3.1. Analysis of the Entire Spectral Region (399–650 cm−1)

In this study, we compared the performance of various signal preprocessing techniques using the entire spectral region (3996–650 cm−1) and the specific spectral region (1501–799 cm−1). We first attempted to perform a direct PLS analysis using the entire spectral region (3996–650 cm−1) without any prior signal preprocessing technique. Our results for the training set for this particular region garnered RMSECV values of 0.030, 0.015, 0.019, and 0.031 for the corn, cane, beet, and rice syrups, respectively ( RMSECV average = 0.024 ) (Table 1). The corresponding R2 values garnered an R average 2 = 0.824 across these four syrup adulterants (Table 2). Further, using these developed calibration models for the individual syrups, RMSEP values of 0.022, 0.027, 0.019, and 0.034 for corn, cane, beet, and rice syrups, respectively, were obtained for the test set ( RMSEP average = 0.026 ) (Table 3).
After analysis of the entire spectral region (3996–650 cm−1) without any signal processing technique, further PLS modeling and signal processing techniques were performed on the entire spectral region (3996–650 cm−1) which yielded slightly better results than the direct PLS analysis where no signal processing was performed. First derivative and second derivative analyses were implemented in the entire spectral region (3996–650 cm−1). Optimum RMSECV results for the entire spectral region (3996–650 cm−1) were achieved using the second derivative ( RMSECV average = 0.015 ) and the first derivative ( RMSECV average = 0.020 ) tests across the four adulterant syrups (Table 1). The first derivative model also attained optimum results for the RMSEP ( RMSEP average = 0.017 ) (Table 2). The corresponding R2 values garnered the best results in both the second derivative ( R average 2 = 0.932 ) and the first derivative ( R average 2 = 0.880 ) tests across the four adulterant syrups (Table 2 and Table 3).
Binning and moving average techniques followed by PLS were also performed across the entire spectral region (3996–650 cm−1) and garnered identical results using the RMSECV, RMSEP, and R2 statistical parameters across the four syrup adulterant syrups (Table 1, Table 2 and Table 3). Several bin sizes were tested in order to enhance the performance of the binning technique, with the optimum result obtained at a bin size = 2. We then implemented a SNV smoothing prior to PLS modeling across the entire spectral region (3996–650 cm−1) and the results did not improve over that of the moving average and binning techniques ( RMSECV average = 0.027 ,   RMSEP average = 0.019 ,   R average 2 = 0.754 ) across the four adulterant syrups (Table 1, Table 2 and Table 3). Analysis using Savitzky–Golay smoothing for the entire spectral region (3996–650 cm−1) garnered similar results to that of the SNV signal preprocessing technique ( RMSECV average = 0.028 ,   RMSEP average = 0.018 ,   R average 2 = 0.732 ) across the four adulterant syrups (Table 1, Table 2 and Table 3).
Comparing the average values of the RMSECV and RMSEP results across the entire spectral region (3996–650 cm−1), as well as the R2 values, the first derivative model provided the optimum results.

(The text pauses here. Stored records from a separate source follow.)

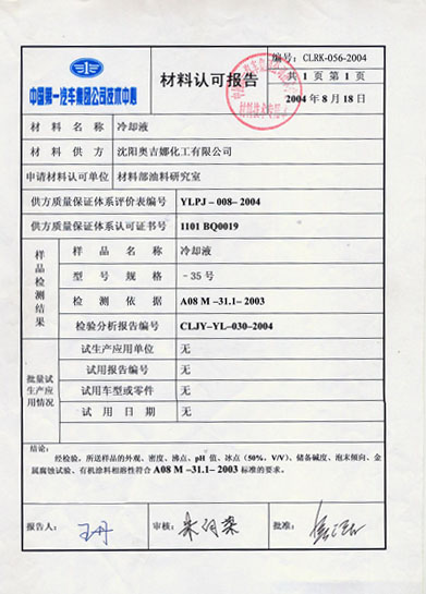 沈陽奧吉娜化工有限公司繼防凍液獲得一汽集團技術(shù)中心認證后,DOT3制動液于09年5月13日再次獲得一汽集團技術(shù)中心認證,為奧吉娜化工有限公司制動液在一汽集團所屬的汽車制造廠和售服系統(tǒng)推廣提供了及其有力的條件。使得雙方在配套領(lǐng)域的合作關(guān)系得到了進一步的加強。同時提升了奧吉娜化工在全國范圍內(nèi)汽車油品配套領(lǐng)域的知名度和影響力。
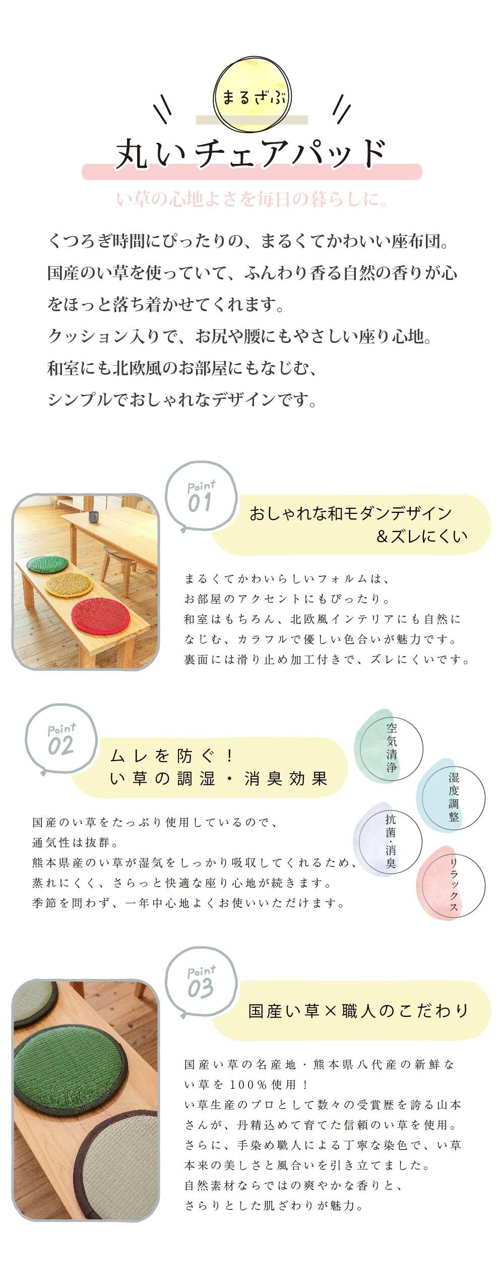 チェアパッド い草座布団 国産 日本製 クッション 椅子用クッション ダイニングチェア用 シートクッション い草クッション 和モダン おしゃれ 畳風 クッションカバーなし シンプル 北欧風 和風モダン 消臭 調湿 座布団代わり 背当て 腰当て 国産い草 熊本八代産 快適 和インテリア
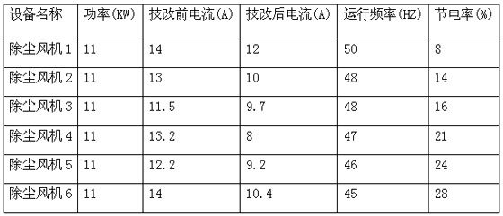 ![]() 上述均为百分比,100%流量为风机的额定流量,100%功率为工频额定工况运行时消耗功率(即电机输入功率 = 风机额定轴功率/电机效率,电机效率一般为93-96%,额定功率较大者效率较高)。变频调速时的节能量即为两种调节方式的能耗差值(百分比乘额定消耗功率)。 2.4 破碎除尘风机技改前后能耗对照表
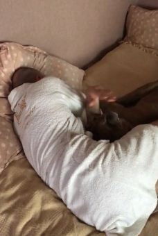 At the end of the video, Messi was successful in waking his owner and gave him warm cuddles.
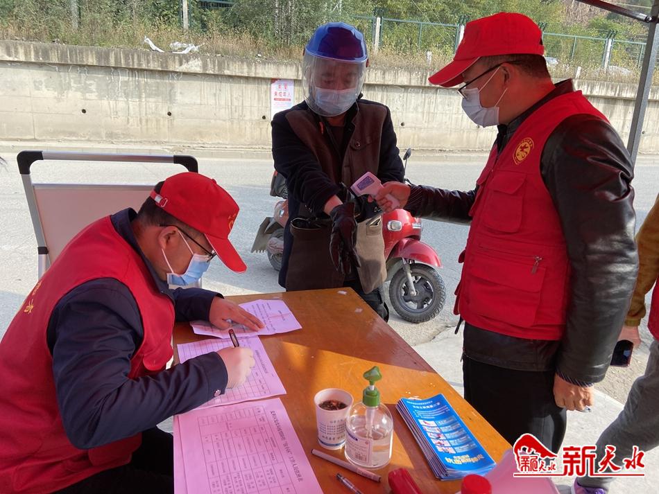 新天水讯【记者裴婷婷】“天气那么冷,志愿者们白天晚上不辞辛苦地给我们守护安全,真得给他们好好点个赞!”10月29日,在麦积区“三无小区”农具厂家属院门口的值守点,看到身着红色马甲的志愿者认真负责地给居民们登记、测量体温、查看健康码、行程码,不少小区居民感慨地说。
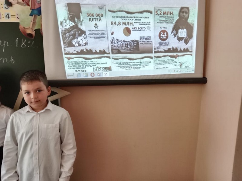 19 апреля 2022 года во 2 классе МБОУ Лысогорская СОШ был проведен классный час на тему:«Реконструкция исторических фактов в память о геноциде советского народа нацистами и их пособниками в годы Великой Отечественной войны».
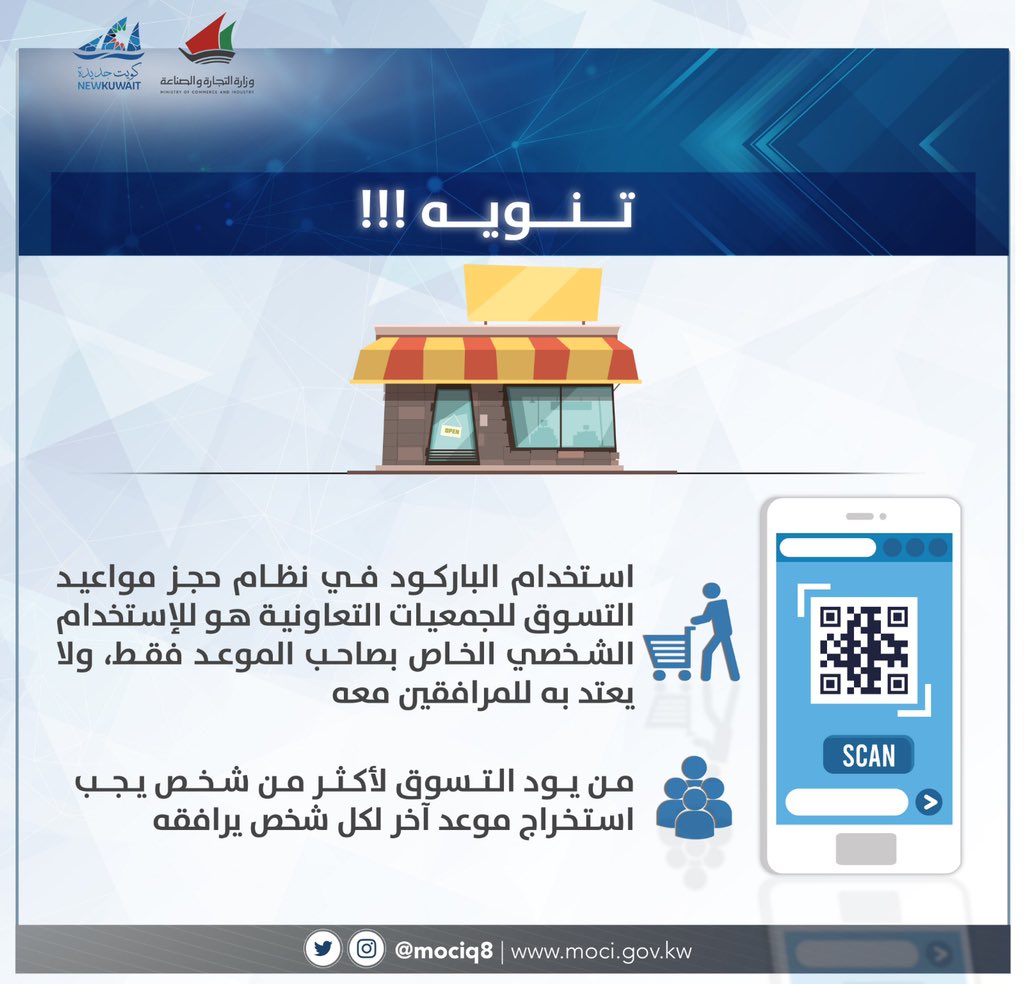 يمكنك الوصول لـ الرابط الإلكتروني لحجز موعد للمجتمعات التعاونية في دولة الكويت ، سينقلك الرابط لـ الصفحة المعدة لتحديد المواقت للسماح بالخروج والتسوق خلال فترة حظر التجول المعلنة في الدولة.

The average from the RMSECV (0.020) to the RMSEP (0.017) decreased and the R2 (0.880) garnered the second highest value across the four adulterant syrups (Table 1, Table 2 and Table 3).

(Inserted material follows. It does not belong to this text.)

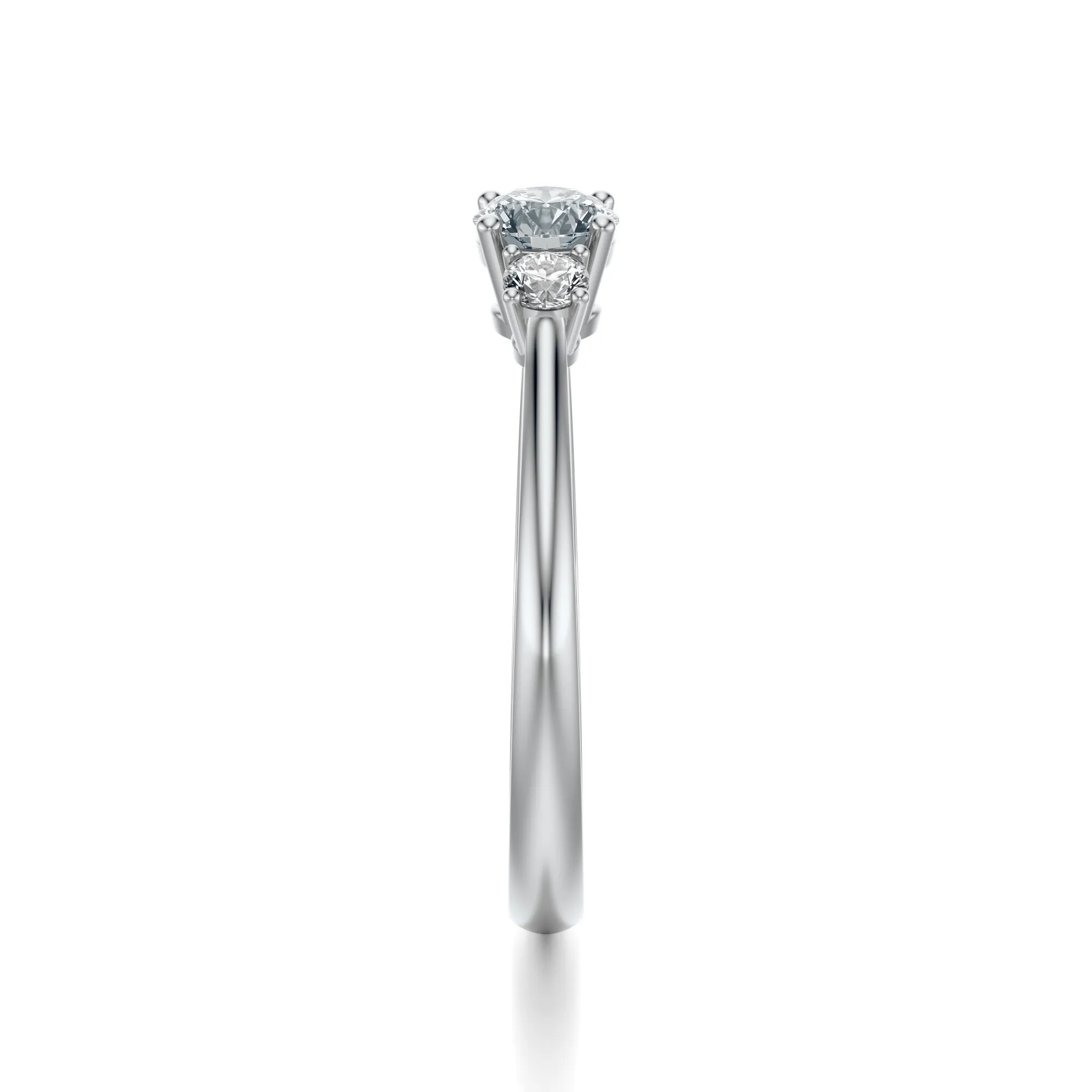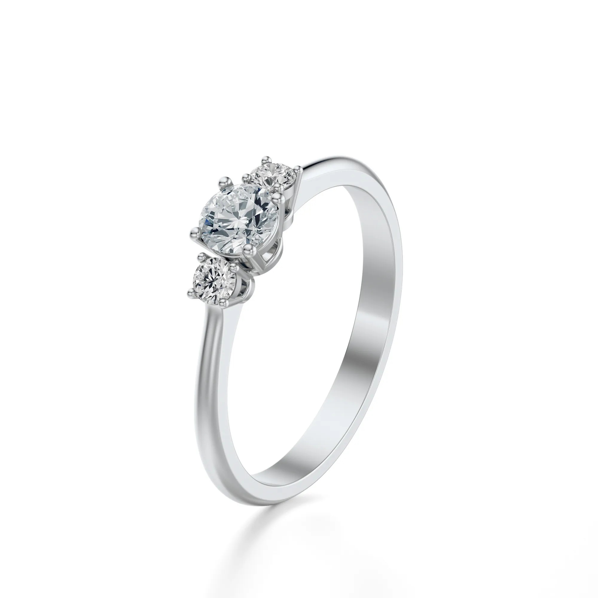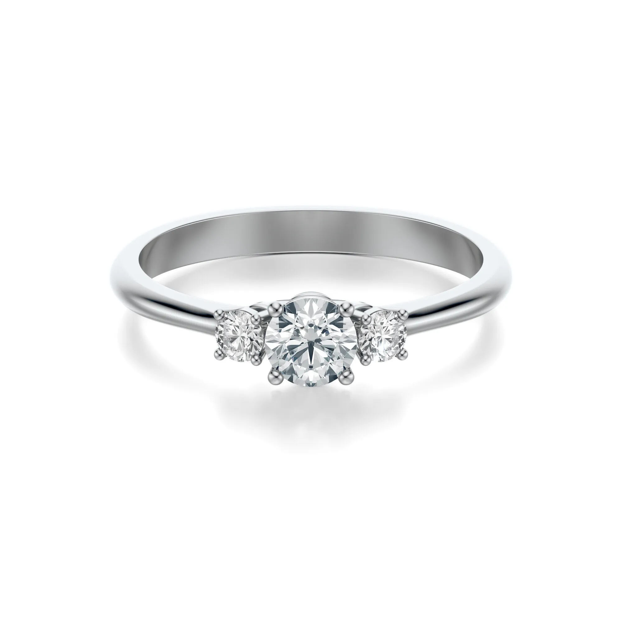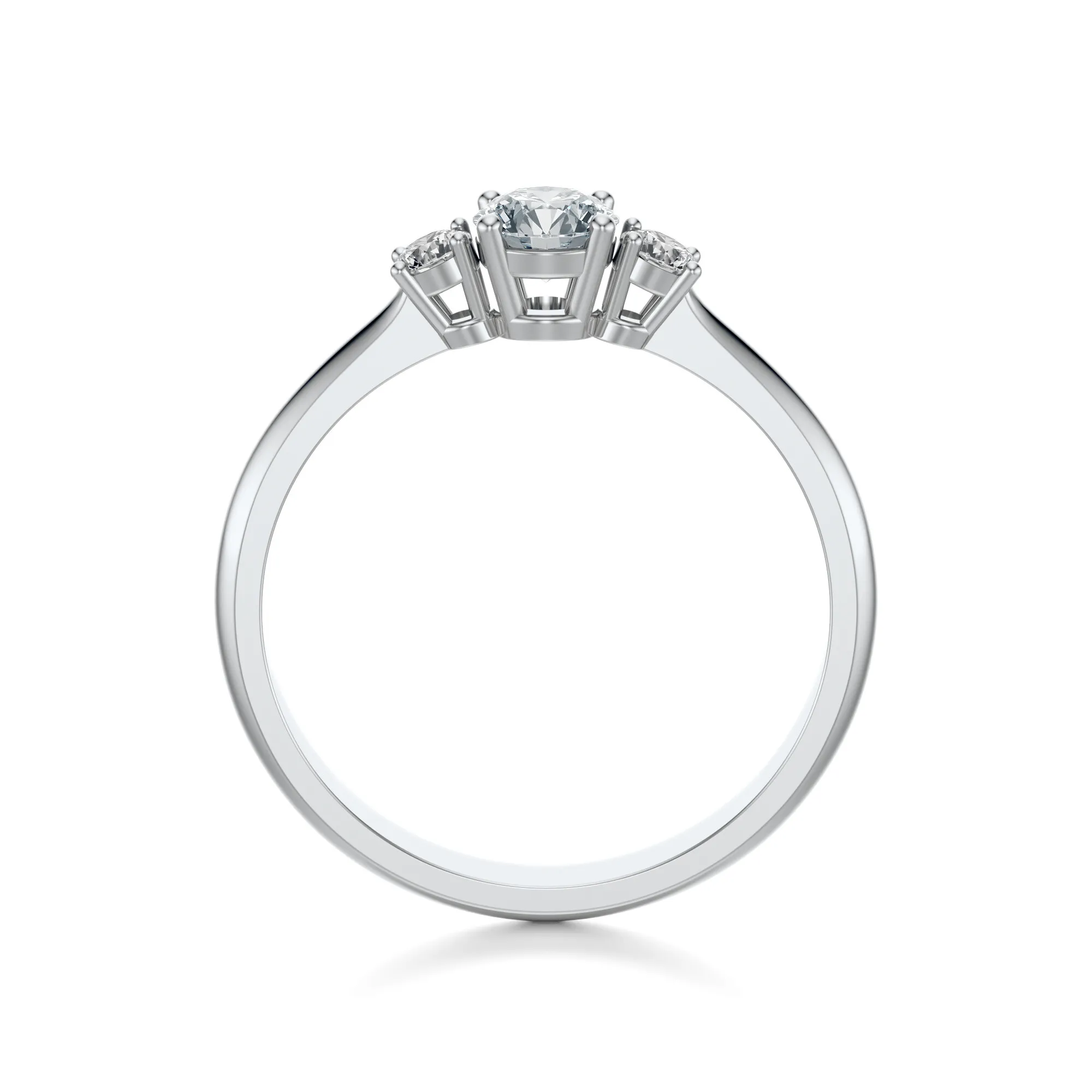 Centralny diament, większy od dwóch bocznych, osadzony został w klasycznych czterech łapkach, tworząc harmonijny układ o silnym symbolicznym przekazie. Trzy kamienie mogą symbolizować wspólną przeszłość, teraźniejszość i przyszłość – dzięki czemu pierścionek nabiera wyjątkowej wartości emocjonalnej. To doskonały wybór dla osób poszukujących biżuterii, która łączy elegancję z głębią przekazu.

3.2. Analysis of the Specific Spectral Region (1501–799 cm−1)

We compared the results obtained above with those obtained by performing signal preprocessing and PLS analysis of selected spectral regions (1501–799 cm−1) harboring the spectral regions of interest present in the syrup adulterants. The RMSECV results garnered comparable values among the different signal processing techniques (Table 1). Therefore, when choosing the best model, we examined the results and compared the RMSECV to the RMSEP values (Table 1 and Table 2). In a comparison of the RMSECV (Table 1) and RMSEP (Table 2) values, in addition to the R2values (Table 3), using various signal processing techniques across the specific spectral region (1501–799 cm−1), the first derivative test garnered optimum results ( RMSECV average = 0.021 ,   RMSEP average = 0.014 ,   R average 2 = 0.859 ) (Table 1, Table 2 and Table 3). The average values across the four adulterant syrups from the RMSECV (0.021) to the RMSEP (0.014) has decreased, and the R2value (0.859) indicates a good fit between the measured and predicted values ( % w w ) for the respective syrup adulterants (Table 1, Table 2 and Table 3).
The determination of which region garnered the best result was made by comparison of all results obtained using various signal preprocessing techniques (Table 1, Table 2 and Table 3). Optimum results were achieved by setting a specific spectral region for various preprocessing techniques (Table 1, Table 2 and Table 3). Various preprocessing techniques, including second derivative, moving average, binning, Savitzky–Golay, and SNV, as applied to the specific spectral region (1501–799 cm−1) improved the results for most RMSECV, RMSEP, and R2 parameters across the four syrup adulterants with the first derivative technique garnering the most optimum results ( RMSECV average = 0.021 ,   RMSEP average = 0.014 ,   R average 2 = 0.859 ) (Table 1, Table 2 and Table 3).
Using first derivative signal processing technique, close examination of the RMSECV as a function of the number of components showa that four, four, five, and four components are sufficient to have low errors of cross-validation (i.e., RMSECV) in the calibration set for the syrup adulterants of corn, cane, beet, and rice, respectively (Figure 4).
Using the first derivative signal processing techniques and the aforementioned numbers of components (Figure 4), the results of our study show that a good linearity is obtained between the predicted and measured concentrations ( % w w ) of adulterants in the training and testing sets (Figure 5).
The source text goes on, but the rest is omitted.